Task description: Here the job is to transcribe the data exactly while omitting the images.

Supplied material:
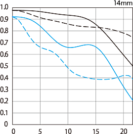 Canon MTF wide-open at f/2.8 at 10 cyc/mm (black) and 30 cyc/mm (blue). Sagittal (solid) and meridional (dashed). The published MTF is excellent, far sharper in the corners than my original Canon 14mm f/2.8. It's about the same as Nikon's 14mm f/2.8 AF. Nikon's new 14-24mm f/2.8 zoom is rated far better than any of these other three fixed 14mm lenses. Of course these MTFs are dreams, which mean they are calculated, not measured from real lenses. Nothing is said if the published graphs are monochromatic, polychromatic, or integrated over white light, so they mean very little for comparison to real samples of lenses. Don't lose sleep over any of this.
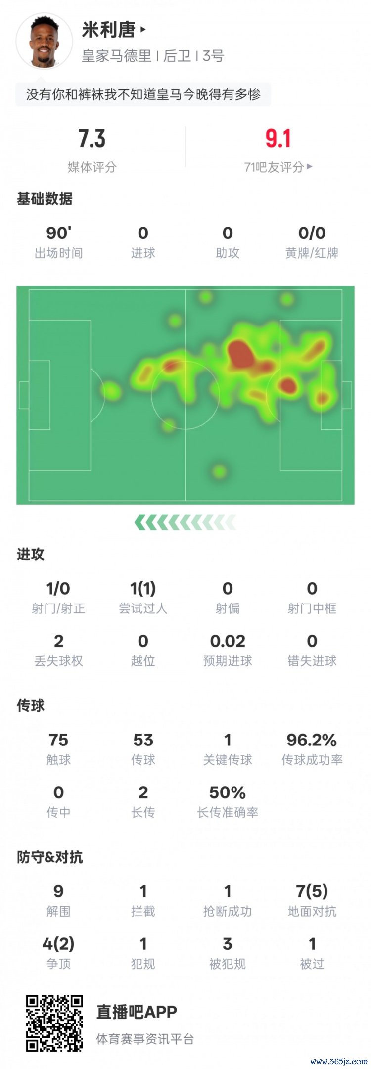 11月5日讯 欧冠联赛阶段第4轮,皇马客场0-1不敌利物浦。米利唐本场首发出战,送出1次关键传球,9次突围,传球见遵循96.2%,评分7.3。
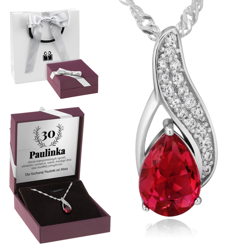 Naszyjnik z rubinową cyrkonią – srebrny łańcuszek Singapur Dedykacja
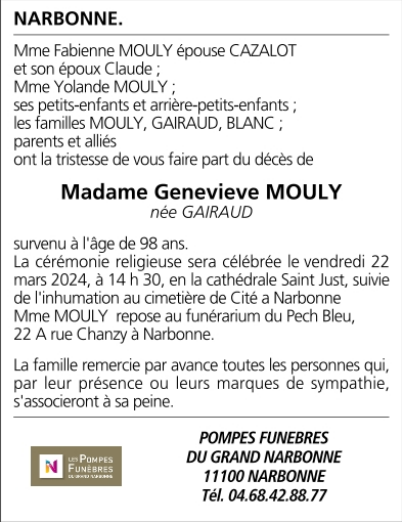 Madame GENEVIEVE MOULY née GAIRAUD
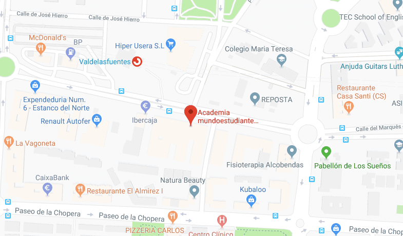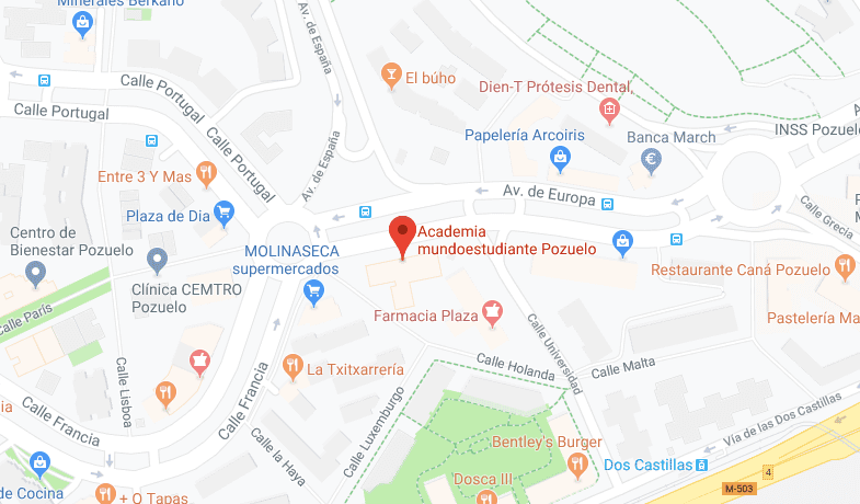 En pleno proyecto de expansión nacional, mundoestudiante cuenta actualmente con 12 academias de enseñanza en toda España, con 6 sedes en Madrid, una en Pozuelo, Alcobendas, Majadahonda, Alcalá de Henares y Alcorcón. Además contamos con sede también en Valladolid.

Your solution:
 Canon MTF wide-open at f/2.8 at 10 cyc/mm (black) and 30 cyc/mm (blue). Sagittal (solid) and meridional (dashed). The published MTF is excellent, far sharper in the corners than my original Canon 14mm f/2.8. It's about the same as Nikon's 14mm f/2.8 AF. Nikon's new 14-24mm f/2.8 zoom is rated far better than any of these other three fixed 14mm lenses. Of course these MTFs are dreams, which mean they are calculated, not measured from real lenses. Nothing is said if the published graphs are monochromatic, polychromatic, or integrated over white light, so they mean very little for comparison to real samples of lenses. Don't lose sleep over any of this.
 11月5日讯 欧冠联赛阶段第4轮,皇马客场0-1不敌利物浦。米利唐本场首发出战,送出1次关键传球,9次突围,传球见遵循96.2%,评分7.3。
 Naszyjnik z rubinową cyrkonią – srebrny łańcuszek Singapur Dedykacja
 Madame GENEVIEVE MOULY née GAIRAUD
 En pleno proyecto de expansión nacional, mundoestudiante cuenta actualmente con 12 academias de enseñanza en toda España, con 6 sedes en Madrid, una en Pozuelo, Alcobendas, Majadahonda, Alcalá de Henares y Alcorcón. Además contamos con sede también en Valladolid.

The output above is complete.